(Data entries)
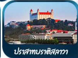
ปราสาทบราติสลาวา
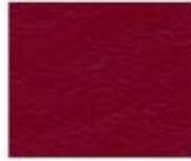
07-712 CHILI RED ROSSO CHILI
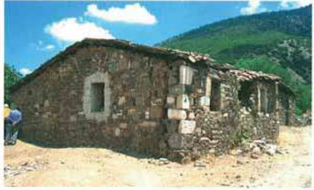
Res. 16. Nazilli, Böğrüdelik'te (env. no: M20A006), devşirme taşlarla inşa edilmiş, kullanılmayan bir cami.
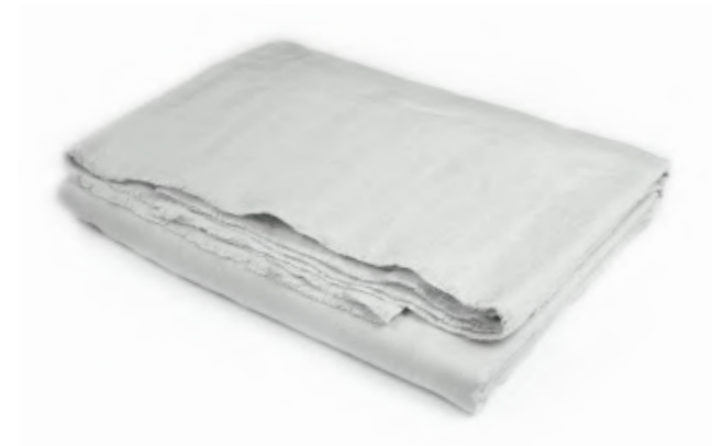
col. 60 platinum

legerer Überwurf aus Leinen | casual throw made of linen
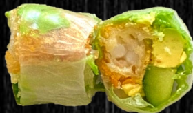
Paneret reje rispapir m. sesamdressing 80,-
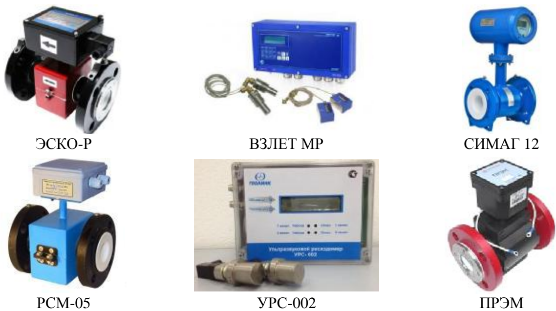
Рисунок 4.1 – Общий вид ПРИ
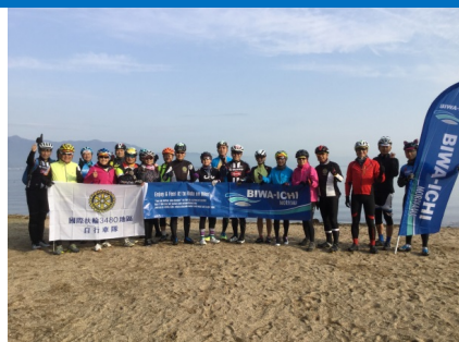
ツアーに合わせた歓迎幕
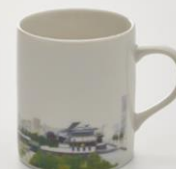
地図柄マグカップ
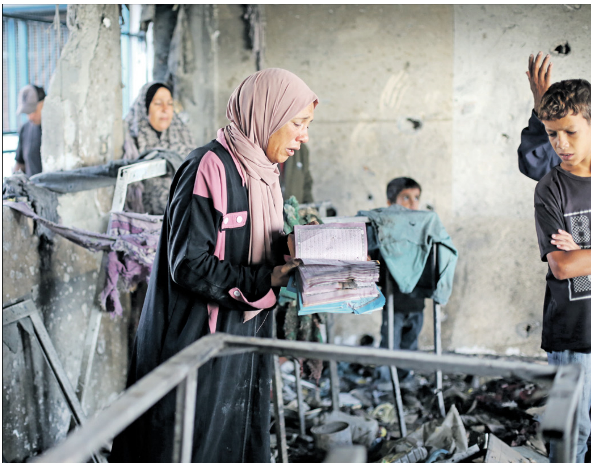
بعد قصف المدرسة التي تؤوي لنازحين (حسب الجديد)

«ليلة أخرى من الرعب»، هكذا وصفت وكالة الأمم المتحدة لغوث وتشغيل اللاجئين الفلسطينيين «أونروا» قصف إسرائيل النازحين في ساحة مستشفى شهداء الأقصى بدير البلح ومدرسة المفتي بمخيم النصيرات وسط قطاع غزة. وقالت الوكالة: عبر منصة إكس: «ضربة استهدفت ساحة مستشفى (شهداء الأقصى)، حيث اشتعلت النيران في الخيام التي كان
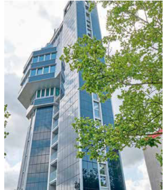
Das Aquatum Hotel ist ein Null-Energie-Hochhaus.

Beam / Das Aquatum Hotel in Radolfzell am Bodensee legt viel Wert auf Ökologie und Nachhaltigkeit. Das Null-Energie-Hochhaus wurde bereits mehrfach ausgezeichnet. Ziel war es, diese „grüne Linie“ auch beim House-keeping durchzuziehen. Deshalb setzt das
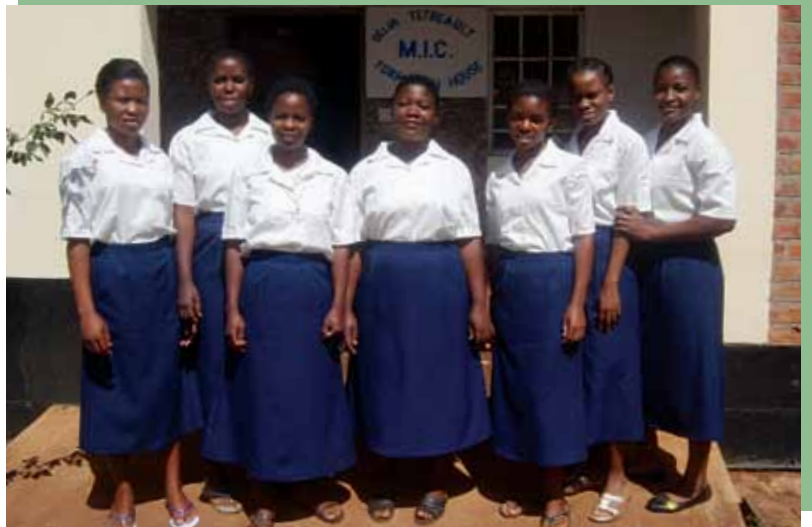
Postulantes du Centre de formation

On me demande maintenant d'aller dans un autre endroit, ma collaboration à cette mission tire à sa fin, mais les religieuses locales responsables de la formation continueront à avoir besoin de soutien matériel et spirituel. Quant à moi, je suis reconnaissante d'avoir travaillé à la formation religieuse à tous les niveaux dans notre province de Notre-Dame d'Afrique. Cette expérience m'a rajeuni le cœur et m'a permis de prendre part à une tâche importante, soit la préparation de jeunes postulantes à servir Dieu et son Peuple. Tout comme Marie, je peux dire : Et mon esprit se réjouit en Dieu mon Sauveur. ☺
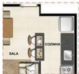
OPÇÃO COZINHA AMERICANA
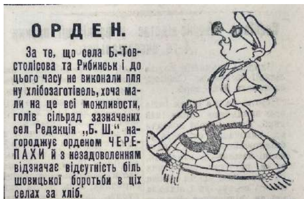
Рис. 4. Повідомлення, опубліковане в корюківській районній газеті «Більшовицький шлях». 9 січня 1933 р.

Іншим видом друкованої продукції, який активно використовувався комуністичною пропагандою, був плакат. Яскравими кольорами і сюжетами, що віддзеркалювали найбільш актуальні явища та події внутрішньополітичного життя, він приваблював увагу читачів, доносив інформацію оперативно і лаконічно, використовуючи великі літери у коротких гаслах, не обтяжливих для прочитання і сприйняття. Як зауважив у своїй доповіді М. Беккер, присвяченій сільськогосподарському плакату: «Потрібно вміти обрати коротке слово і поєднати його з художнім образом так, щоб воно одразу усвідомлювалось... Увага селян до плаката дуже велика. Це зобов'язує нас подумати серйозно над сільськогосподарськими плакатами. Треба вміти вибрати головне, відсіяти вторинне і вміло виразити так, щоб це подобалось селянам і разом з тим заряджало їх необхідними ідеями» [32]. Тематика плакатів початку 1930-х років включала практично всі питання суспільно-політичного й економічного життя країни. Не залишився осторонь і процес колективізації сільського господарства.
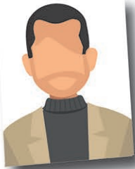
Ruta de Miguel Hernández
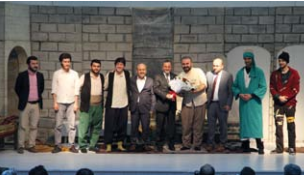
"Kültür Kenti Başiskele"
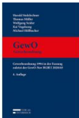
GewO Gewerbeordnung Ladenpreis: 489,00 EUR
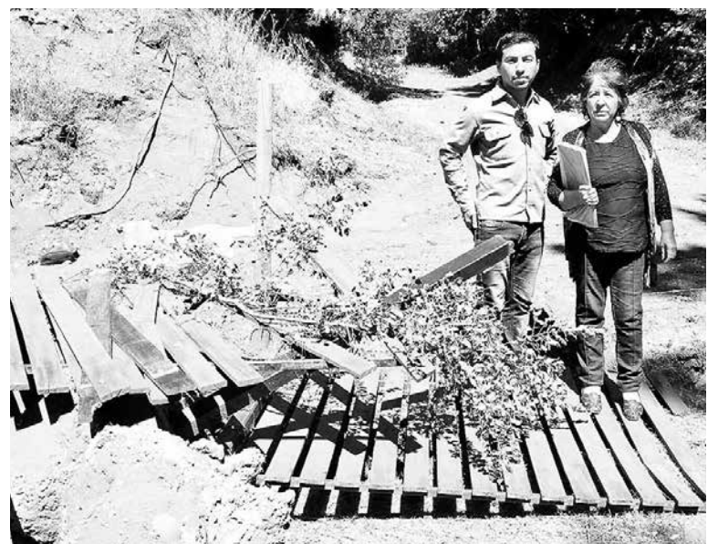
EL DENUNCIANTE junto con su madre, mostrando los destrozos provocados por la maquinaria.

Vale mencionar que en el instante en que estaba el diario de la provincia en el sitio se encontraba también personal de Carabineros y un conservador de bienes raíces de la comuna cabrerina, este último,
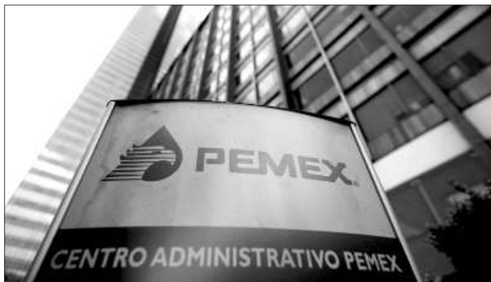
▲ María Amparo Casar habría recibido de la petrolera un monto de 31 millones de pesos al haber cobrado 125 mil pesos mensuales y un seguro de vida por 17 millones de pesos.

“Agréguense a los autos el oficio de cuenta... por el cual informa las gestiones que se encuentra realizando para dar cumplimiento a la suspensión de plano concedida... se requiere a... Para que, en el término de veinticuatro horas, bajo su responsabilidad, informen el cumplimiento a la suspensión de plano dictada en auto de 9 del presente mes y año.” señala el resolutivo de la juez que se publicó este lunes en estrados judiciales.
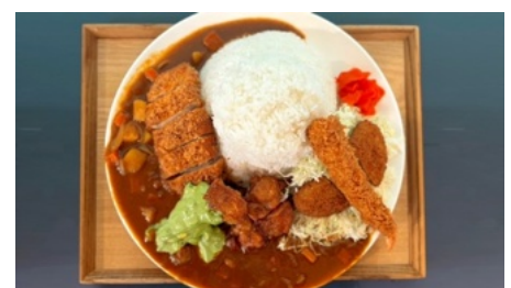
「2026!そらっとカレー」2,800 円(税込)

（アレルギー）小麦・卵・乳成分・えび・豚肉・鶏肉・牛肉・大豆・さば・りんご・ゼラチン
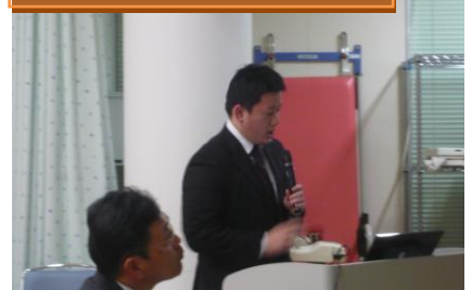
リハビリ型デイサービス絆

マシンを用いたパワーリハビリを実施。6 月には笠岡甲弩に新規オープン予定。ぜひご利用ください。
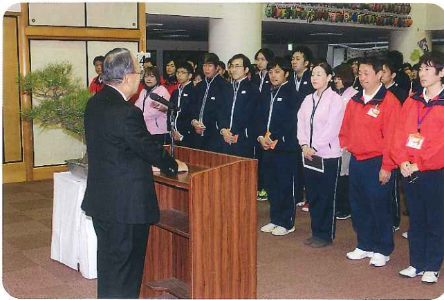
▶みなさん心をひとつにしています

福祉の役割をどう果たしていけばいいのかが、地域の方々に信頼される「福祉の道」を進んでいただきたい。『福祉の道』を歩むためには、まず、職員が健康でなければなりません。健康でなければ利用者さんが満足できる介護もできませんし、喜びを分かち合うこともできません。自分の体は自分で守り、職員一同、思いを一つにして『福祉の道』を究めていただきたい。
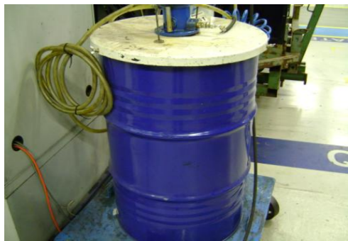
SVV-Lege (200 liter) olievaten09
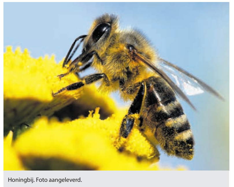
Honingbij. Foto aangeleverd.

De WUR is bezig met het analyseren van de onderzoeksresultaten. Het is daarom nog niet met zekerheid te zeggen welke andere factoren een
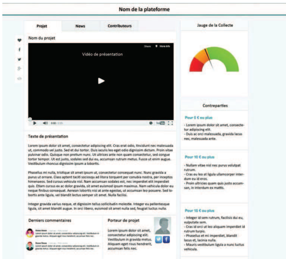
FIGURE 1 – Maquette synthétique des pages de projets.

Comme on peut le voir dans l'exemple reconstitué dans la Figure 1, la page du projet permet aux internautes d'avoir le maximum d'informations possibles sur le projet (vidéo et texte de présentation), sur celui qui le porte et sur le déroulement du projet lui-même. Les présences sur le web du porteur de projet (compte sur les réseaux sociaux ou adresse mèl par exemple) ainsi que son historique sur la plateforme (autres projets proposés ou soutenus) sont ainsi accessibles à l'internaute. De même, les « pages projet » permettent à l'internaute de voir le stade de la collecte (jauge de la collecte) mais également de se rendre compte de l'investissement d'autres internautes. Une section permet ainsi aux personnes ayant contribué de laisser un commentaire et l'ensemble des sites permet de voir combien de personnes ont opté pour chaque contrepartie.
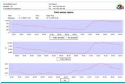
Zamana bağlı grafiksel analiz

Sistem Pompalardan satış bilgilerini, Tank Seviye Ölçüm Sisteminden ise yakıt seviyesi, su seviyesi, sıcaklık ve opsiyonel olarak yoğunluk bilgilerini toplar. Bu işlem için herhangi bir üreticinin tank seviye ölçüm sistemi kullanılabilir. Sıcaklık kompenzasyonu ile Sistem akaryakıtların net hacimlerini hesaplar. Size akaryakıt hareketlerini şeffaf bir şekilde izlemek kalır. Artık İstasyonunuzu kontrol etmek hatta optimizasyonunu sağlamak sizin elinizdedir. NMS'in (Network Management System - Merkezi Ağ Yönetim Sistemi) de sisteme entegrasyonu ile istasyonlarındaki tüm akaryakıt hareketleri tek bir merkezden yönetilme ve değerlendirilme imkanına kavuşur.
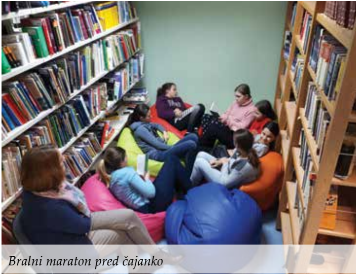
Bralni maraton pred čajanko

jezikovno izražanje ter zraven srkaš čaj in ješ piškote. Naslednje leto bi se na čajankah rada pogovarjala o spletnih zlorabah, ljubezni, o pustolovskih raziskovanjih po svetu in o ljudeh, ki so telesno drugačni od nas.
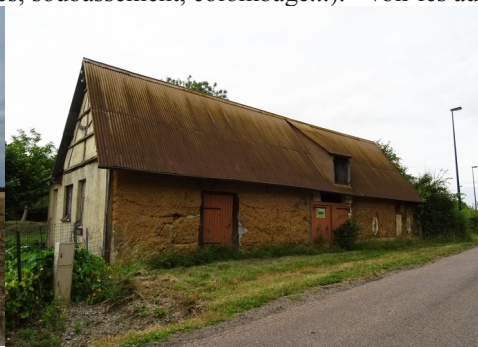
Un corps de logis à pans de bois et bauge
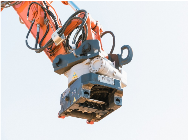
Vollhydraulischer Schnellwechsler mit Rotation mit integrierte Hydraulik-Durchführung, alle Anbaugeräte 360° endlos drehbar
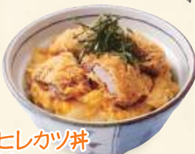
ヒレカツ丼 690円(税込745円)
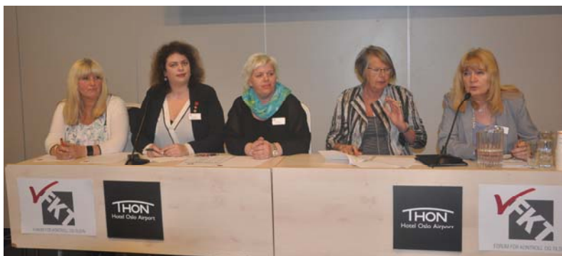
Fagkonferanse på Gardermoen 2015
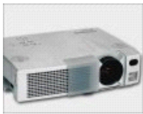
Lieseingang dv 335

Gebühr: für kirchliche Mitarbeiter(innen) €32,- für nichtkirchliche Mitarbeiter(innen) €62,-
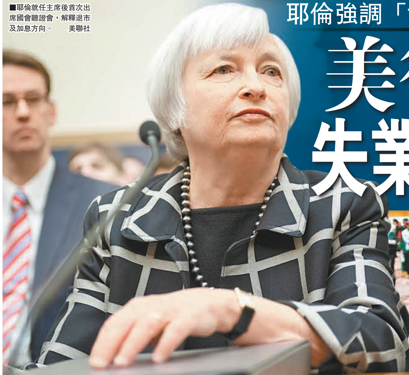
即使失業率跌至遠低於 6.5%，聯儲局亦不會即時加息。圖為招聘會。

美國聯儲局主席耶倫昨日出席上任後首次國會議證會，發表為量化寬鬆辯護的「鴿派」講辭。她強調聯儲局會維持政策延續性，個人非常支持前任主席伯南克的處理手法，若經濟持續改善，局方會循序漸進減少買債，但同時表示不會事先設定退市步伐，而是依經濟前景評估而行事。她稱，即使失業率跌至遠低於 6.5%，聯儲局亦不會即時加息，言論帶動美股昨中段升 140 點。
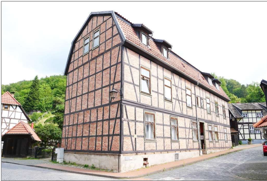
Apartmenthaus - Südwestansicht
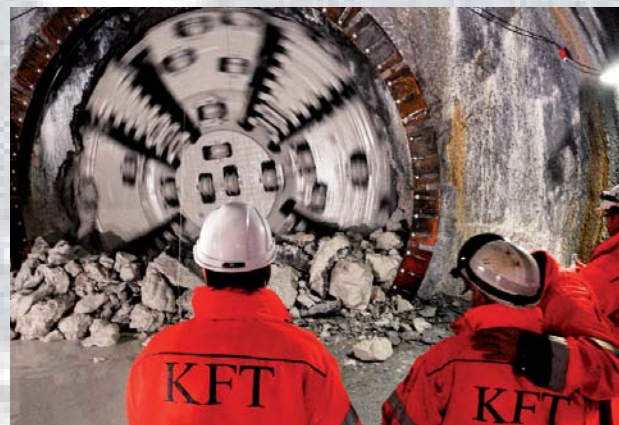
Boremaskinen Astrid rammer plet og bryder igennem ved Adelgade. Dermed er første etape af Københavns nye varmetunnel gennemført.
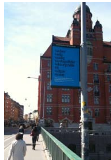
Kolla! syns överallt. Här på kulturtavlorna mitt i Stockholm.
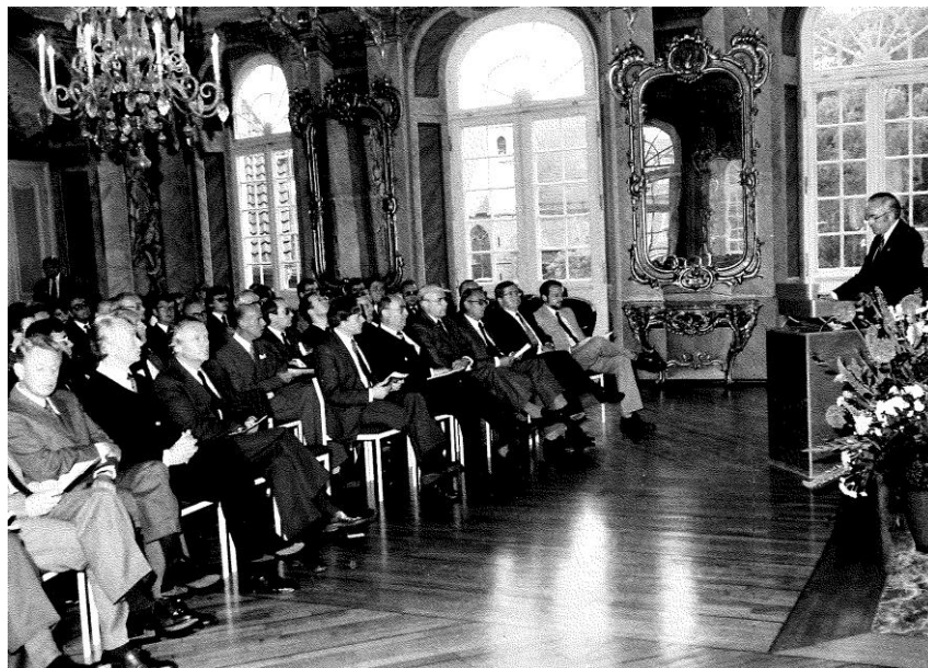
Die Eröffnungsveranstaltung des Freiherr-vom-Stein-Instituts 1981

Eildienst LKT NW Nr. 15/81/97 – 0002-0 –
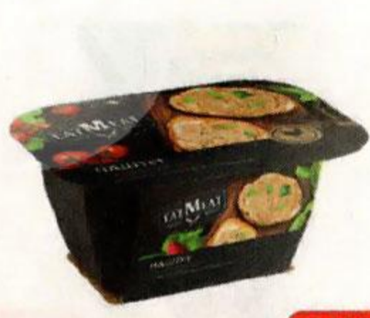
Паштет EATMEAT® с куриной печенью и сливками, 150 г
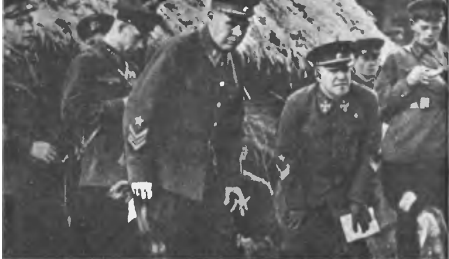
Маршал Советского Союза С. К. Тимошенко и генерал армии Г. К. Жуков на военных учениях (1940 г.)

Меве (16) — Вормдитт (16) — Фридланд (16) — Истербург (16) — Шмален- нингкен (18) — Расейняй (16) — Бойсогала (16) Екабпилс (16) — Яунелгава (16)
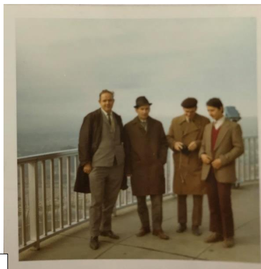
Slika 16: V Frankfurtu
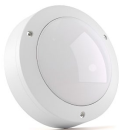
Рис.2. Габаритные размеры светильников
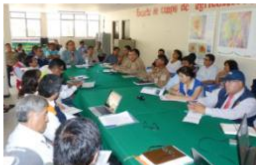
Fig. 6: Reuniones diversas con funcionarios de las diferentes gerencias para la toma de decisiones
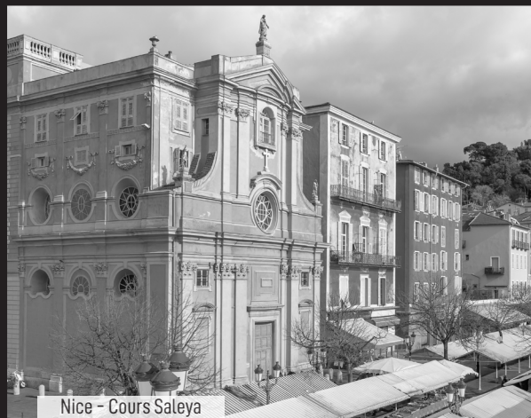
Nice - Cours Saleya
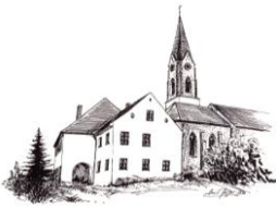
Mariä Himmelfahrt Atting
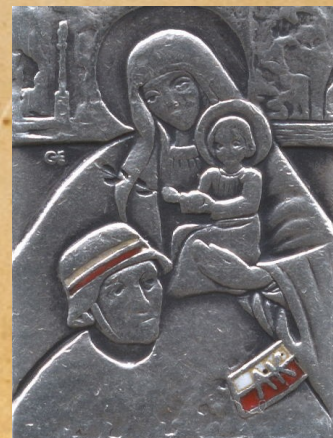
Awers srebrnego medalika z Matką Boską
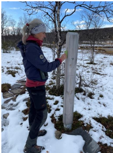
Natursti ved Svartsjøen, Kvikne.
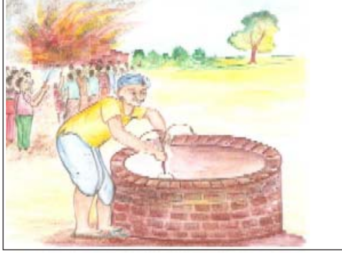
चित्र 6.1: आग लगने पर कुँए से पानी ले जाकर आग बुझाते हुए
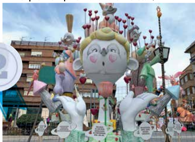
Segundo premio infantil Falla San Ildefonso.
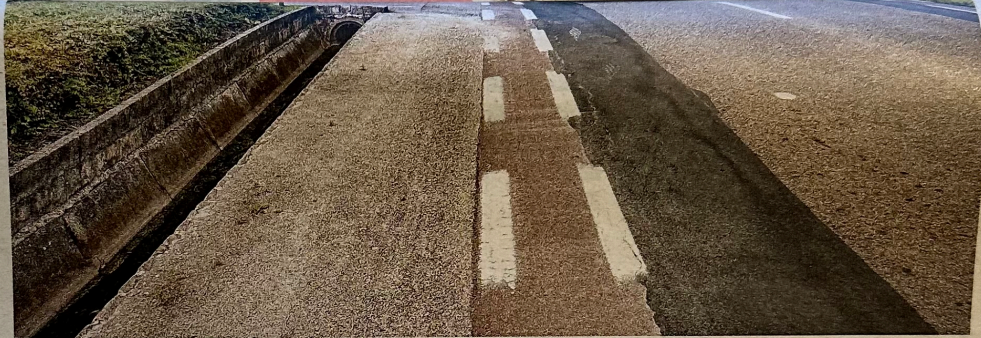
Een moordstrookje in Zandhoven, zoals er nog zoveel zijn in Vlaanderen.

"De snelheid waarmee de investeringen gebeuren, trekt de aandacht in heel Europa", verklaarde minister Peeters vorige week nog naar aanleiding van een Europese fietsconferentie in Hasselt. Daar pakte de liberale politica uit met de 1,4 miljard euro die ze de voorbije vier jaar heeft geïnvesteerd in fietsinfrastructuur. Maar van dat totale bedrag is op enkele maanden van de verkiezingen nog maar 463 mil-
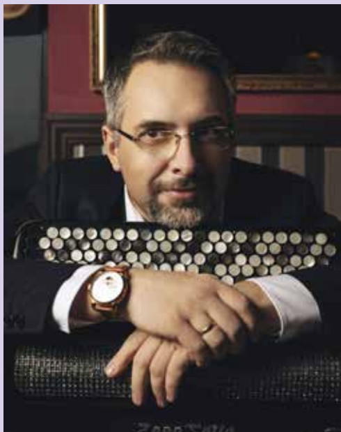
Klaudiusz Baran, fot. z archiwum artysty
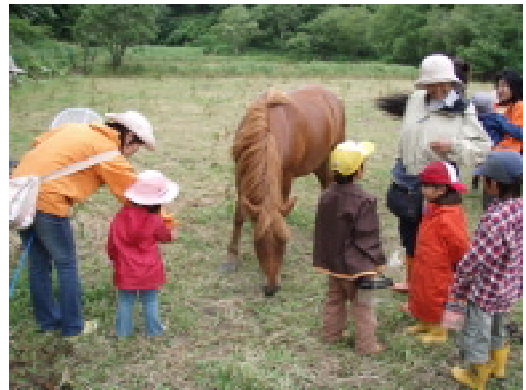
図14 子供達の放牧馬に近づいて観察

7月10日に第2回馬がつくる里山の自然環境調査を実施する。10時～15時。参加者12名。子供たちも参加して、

» **What to work on**
Your copy must hold exactly the lines from the one with "Segundo premio infantil Falla San Ildefonso." to the end of the records above, both included, and no pictures.

» **Solution for this problem**
Segundo premio infantil Falla San Ildefonso.
Een moordstrookje in Zandhoven, zoals er nog zoveel zijn in Vlaanderen.

"De snelheid waarmee de investeringen gebeuren, trekt de aandacht in heel Europa", verklaarde minister Peeters vorige week nog naar aanleiding van een Europese fietsconferentie in Hasselt. Daar pakte de liberale politica uit met de 1,4 miljard euro die ze de voorbije vier jaar heeft geïnvesteerd in fietsinfrastructuur. Maar van dat totale bedrag is op enkele maanden van de verkiezingen nog maar 463 mil-
Klaudiusz Baran, fot. z archiwum artysty
図14 子供達の放牧馬に近づいて観察

7月10日に第2回馬がつくる里山の自然環境調査を実施する。10時～15時。参加者12名。子供たちも参加して、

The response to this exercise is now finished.